◆ **TASK DATA**
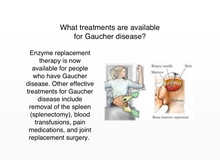 Enzyme replacement therapy is now available for people who have Gaucher disease. Other effective treatments for Gaucher disease include removal of the spleen (splenectomy), blood transfusions, pain medications, and joint replacement surgery.
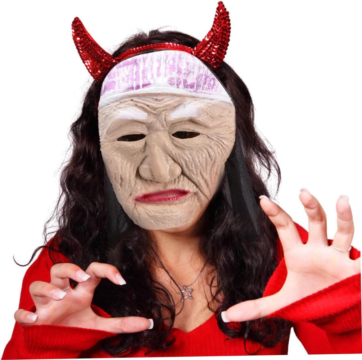 Elenco dei pacchetti 1 x maschera Caratteristiche - Materiale: vinile Accessori per costumi di Halloween. - colore: maschere in lattice spaventose viola. - Dimensioni: circa 24,5x20x0,2 cm/9,65x7,87x0,79 pollici maschere cosplay. - ti aiuta a creare un look in costume speciale. distinguersi dalla maschera della festa creativa. - è una semimaschera elegante e raffinata. bel lavoro con maschere di Halloween decorative dall'aspetto attraente. - la taglia adatta alla maggior parte delle persone, comoda da indossare con le maschere da vecchia signora. - per feste in maschera, spettacoli, Natale, feste in maschera, Halloween, ecc. - un ottimo accessorio per una festa in maschera per creare un'atmosfera emozionante e misteriosa. Informazioni prodotto Halloween per adulti Ottimo accessorio per costumi per portare più entusiasmo alla festa. Maschere da strega di Halloween dal design spaventoso, lavorazione delicata, comode da indossare e inodore. Scegli una maschera da vecchia signora per creare una festa memorabile. .vecchia strega, questo articolo è realizzato con materiale di alta qualità per un uso durevole e duraturo
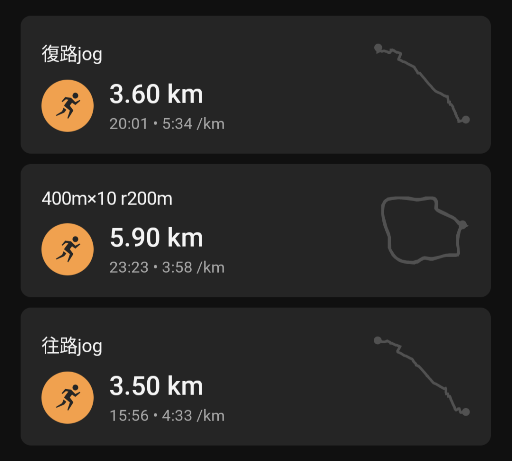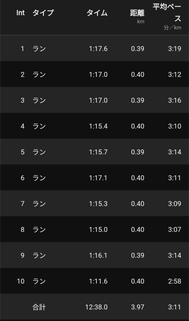 今までは疾走タイムが70″前後まで持って行ってたけど、リカバリーで80″とか90″かかってたり、そもそも10本こなせないみたいなケースがほとんどだった。
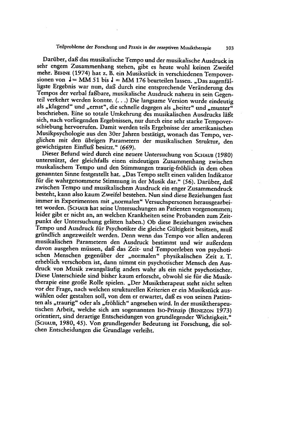 Teilprobleme der Forschung und Praxis in der rezeptiven Musiktherapie
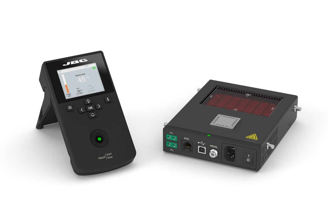 The JBC PHNE-1A Nano preheater set is the best solution for rework on small circuits, featuring a heating area of 4.25 x 2.75 inches. It reduces the risk of thermal shock while reworking and offers matches reliability in temperature accuracy so that no component is damaged.
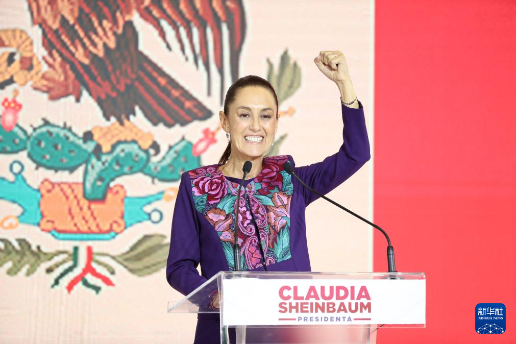 新华社墨西哥城6月3日电(记者席玥 吴昊)墨西哥执政党国家复兴运动党所在竞选联盟总统候选人克劳迪娅·辛鲍姆3日凌晨在首都墨西哥城宣布赢得总统选举胜利,将成为墨西哥史上首位女总统。

◆ **WHAT THE TASK ASKS**
Copy all the material above exactly, but skip each image.

◆ **RESULT OF THE TASK**
 Enzyme replacement therapy is now available for people who have Gaucher disease. Other effective treatments for Gaucher disease include removal of the spleen (splenectomy), blood transfusions, pain medications, and joint replacement surgery.
 Elenco dei pacchetti 1 x maschera Caratteristiche - Materiale: vinile Accessori per costumi di Halloween. - colore: maschere in lattice spaventose viola. - Dimensioni: circa 24,5x20x0,2 cm/9,65x7,87x0,79 pollici maschere cosplay. - ti aiuta a creare un look in costume speciale. distinguersi dalla maschera della festa creativa. - è una semimaschera elegante e raffinata. bel lavoro con maschere di Halloween decorative dall'aspetto attraente. - la taglia adatta alla maggior parte delle persone, comoda da indossare con le maschere da vecchia signora. - per feste in maschera, spettacoli, Natale, feste in maschera, Halloween, ecc. - un ottimo accessorio per una festa in maschera per creare un'atmosfera emozionante e misteriosa. Informazioni prodotto Halloween per adulti Ottimo accessorio per costumi per portare più entusiasmo alla festa. Maschere da strega di Halloween dal design spaventoso, lavorazione delicata, comode da indossare e inodore. Scegli una maschera da vecchia signora per creare una festa memorabile. .vecchia strega, questo articolo è realizzato con materiale di alta qualità per un uso durevole e duraturo
 今までは疾走タイムが70″前後まで持って行ってたけど、リカバリーで80″とか90″かかってたり、そもそも10本こなせないみたいなケースがほとんどだった。
 Teilprobleme der Forschung und Praxis in der rezeptiven Musiktherapie
 The JBC PHNE-1A Nano preheater set is the best solution for rework on small circuits, featuring a heating area of 4.25 x 2.75 inches. It reduces the risk of thermal shock while reworking and offers matches reliability in temperature accuracy so that no component is damaged.
 新华社墨西哥城6月3日电(记者席玥 吴昊)墨西哥执政党国家复兴运动党所在竞选联盟总统候选人克劳迪娅·辛鲍姆3日凌晨在首都墨西哥城宣布赢得总统选举胜利,将成为墨西哥史上首位女总统。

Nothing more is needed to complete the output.